Uterine tissue specimens obtained were fixed in 4% buffered neutral formaldehyde solution, dehydrated, and embedded in paraffin. Sections, 5–6 µm thick, were deparaffinized and followed by standard histological techniques. The avidin/biotin immunoperoxidase staining method was performed with the use of a polyvalent immunoperoxidase kit (Omnitags, Lipshow, MI). An enhancement method (22) based on microwave oven heating of tissue sections was used for antigen retrieval. A mouse monoclonal antibody to human p53 protein was used at a dilution of 1:200 as the primary antibody in this study. To assure the specificity of the immunological reaction, control sections were subjected to the same immunoperoxidase method, except that the primary antibody was replaced by nonimmune murine IgG (Miles, Elkhart, IN) at the same dilution as the specific primary antibody.

Cell culture

Uterine leiomyoma tissues dissected from endometrial cell layers were cut into small pieces and digested in 0.2% collagenase (wt/vol) at 37 C for 3–5 h as previously described (3, 7). The leiomyoma cells were collected by centrifugation at 460 x g for 5 min and washed three times with DMEM containing 1% antibiotic solution. Cell viability was determined by trypan blue exclusion test. The isolated leiomyoma cells were plated at density of approximately 10⁶ cells/dish in 10-cm² culture dishes and then subcultured for 120 h at 37 C in a humidified atmosphere of 5% CO₂-95% air in phenol red-free DMEM supplemented with 10% FBS (vol/vol; Life Technologies, Inc., Grand Island, NY). The monolayer cultures at approximately 60% confluence were treated with E2 (10 ng/ml), P4 (100 ng/ml), or E2 (10 ng/ml) plus P4 (100 ng/ml) in serum-free, phenol red-free DMEM for an additional 72 h. The control cultures were grown in phenol red-free DMEM without hormone treatment.

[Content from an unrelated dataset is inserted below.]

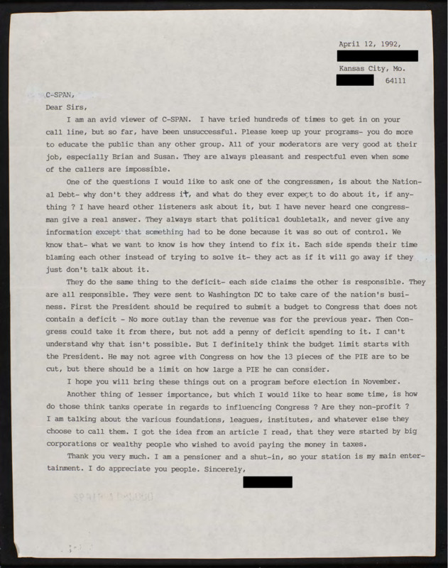 Letter to C-SPAN, 1992-04-12; 64111

Protein extraction and Western immunoblotting

Leiomyomas and the adjacent normal myometrial tissues for protein extraction were collected immediately after hysterectomy or myomectomy. These tissue samples were homogenized at 4 C in the presence of lysis buffer (5 g tissue in 1–2 ml). Homogenates were subsequently centrifuged at 13,000 x g for 30 min, and the supernatants were collected. Proteins were also extracted from cultured cells as described previously (3). At the termination of culture, cultured cells were lysed at 4 C for 20 min in the lysis buffer (150 mM NaCl, 2 mM phenylmethylsulfonylfluoride, 1% Nonidet P-40, 0.5% deoxycholate, 1 mg/liter aprotinin, 0.1% sodium dodecyl sulfate, and 50 mM Tris-HCl, pH 7.5). The lysates were subsequently centrifuged at 13,000 x g for 30 min at 4 C, and the supernatants were collected. Protein content in the supernatants was determined by the Bradford assay (23) with BSA as a standard.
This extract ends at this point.